Vous trouverez ci-dessous des morceaux choisis et édités de notre entretien. Photo: Sébastien Dubouchet. Bonne lecture et n’hésitez pas à réagir dans les commentaires.

On vous sait en partie propriétaire de la régie CGi Immobilier et de John Taylor. Pourquoi avoir investi directement dans ces prestataires de services ?
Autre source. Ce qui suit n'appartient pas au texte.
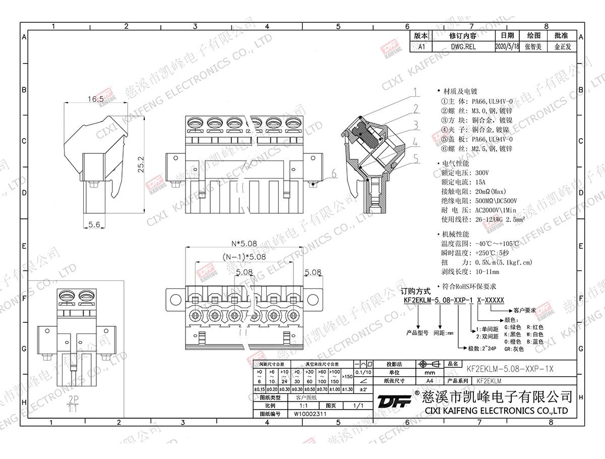 插拔式连接端子 材质电镀:材质及电镀螺丝: M3.0,不绣钢触点: 磷青铜焊针: -塑件: PA66,UL94V-0电气性能IEC额定电压300V --额定电流15A--接触电阻20mΩ绝缘电阻500MΩ/DC500V耐电压AC2000V/1min使用线径26-12AWG 2.5mm²机械性能温度范围-40℃~+105℃ 瞬时温度+250℃, 5sec扭矩0.5N.m 5.

Le flux financier des promotions est très cyclique. Le temps que nous commencions et finissions une promotion, il y a toujours 3 ou 4 ans qui s’écoulent donc des flux de liquidité négatifs. Pour Vertical Holding, investir dans CGi Immobilier et John Taylor permet de lisser les revenus grâce à la gérance. Sans oublier toutes les synergies qu’on peut réaliser grâce aux activités du groupe et à la connaissance du marché que cela apporte. De plus, avec Les Cèdres de Cologny, j’étais devenu le plus gros client de la régie donc rentrer dans le capital d’une société dans laquelle j’étais très bien servi et j’ai confiance faisait sens.

Ces sociétés vous fournissent aussi un accès au marché pour acheter des parcelles, n’est-ce pas jouer avec deux casquettes?

Oui mais il y a toujours une muraille de Chine entre les activités de la gérance et moi. Je ne suis pas du tout familier avec ce que les régies font – ni avec les clients du pilotage, ni avec les clients propriétaires. Et ce n’est pas une chose à laquelle je m’intéresse.

Au travers de CGi immobilier, vous êtes actif dans la gérance. Est-ce une activité rentable?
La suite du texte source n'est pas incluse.